7.11.2010

Stretch C'mon STRETCH


I've been reading Wayne Dyer's "Change Your Thoughts, Change Your Life," for quite a while now. It's one of those books I try to read a passage from daily but sometimes that ends up being more like weekly or bi-weekly. I picked it up today and the passage was an aha moment for me. It was called, "Living By Bending," and the last line of the verse was, "The hard and stiff will be broken; the soft and supple will prevail."
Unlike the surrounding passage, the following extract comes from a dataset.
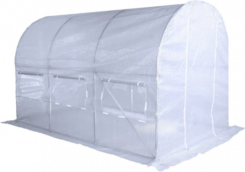 Zahradní fóliovník VESPAGARDEN bílý 2x3,5m (7m2) je vyroben z vysoce kvalitních materiálů. Ocelová pozinkovaná konstrukce je doplněna plachtou z polyethylénu s UV filtrem UV-4. Zapuštěná polypropylenová síťka zvyšuje pevnost plachty a zabraňuje jejímu trhání. Boční stěny fóliovníku mají okna opatřená moskytiérou, která chrání před pronikáním škůdců a hmyzu. Okna zároveň slouží k ventilaci a lepší regulaci klimatu uvnitř fóliovníku. Vstup je dostatečně široký a snadno uzavíratelný pomocí zipů. Výška fóliovníku umožňuje komfortní provádění prací spojených s péčí o rostliny.

This was so profound to me because as laid back as I may seem I'm not very flexible. I don't do things at the last minute, I plan my steps to a T in my head or on paper before acting. By the time I do something for real, I've already replayed it 7000 times in my head. I've become so adept a that skill, it happens very quickly and seems as if I'm acting spontaneously - I am not. Physically I'm not that flexible either. I do yoga, but my favorite style focuses more on the breath than the poses. I did study Iyengar which is ALL about the poses, but I responded it to the style because it is all about doing the poses correctly. You learn the pose and do it until you perfect it (that speaks to my perfectionist nature and not my desire to be more flexible). I do recall every class I've ever taken the instructor told me I'm too tight in the hips - the body part that exposes inflexibility.

Dyer gave the example of palm trees in hurricane force winds - they appear weak because they sway entirely to their side in the face of the wind. The reality is that "weakness" is their strength because the trees are so flexible they are able to bounce back into place once the winds subside. The mightiest oak can not bend that way without snapping and breaking. I tend to think that when I'm not being flexible that I'm being stronger. In reality, I'm being stubborn and stagnate. I want to be more fluid, more flexible, more go with the flow. So its time to get my stretch on - literally and figuratively. Physically, I think its time I give yoga another go. Emotionally, I think it's time to really examine the places I feel stuck and see if it is because I have been being fixed in my thought pattern regarding it.

Time to stttttttttrrrrrrrrrrreeeeeeeeeettttttttttccccccccccchhhhhhhhhhhhhh!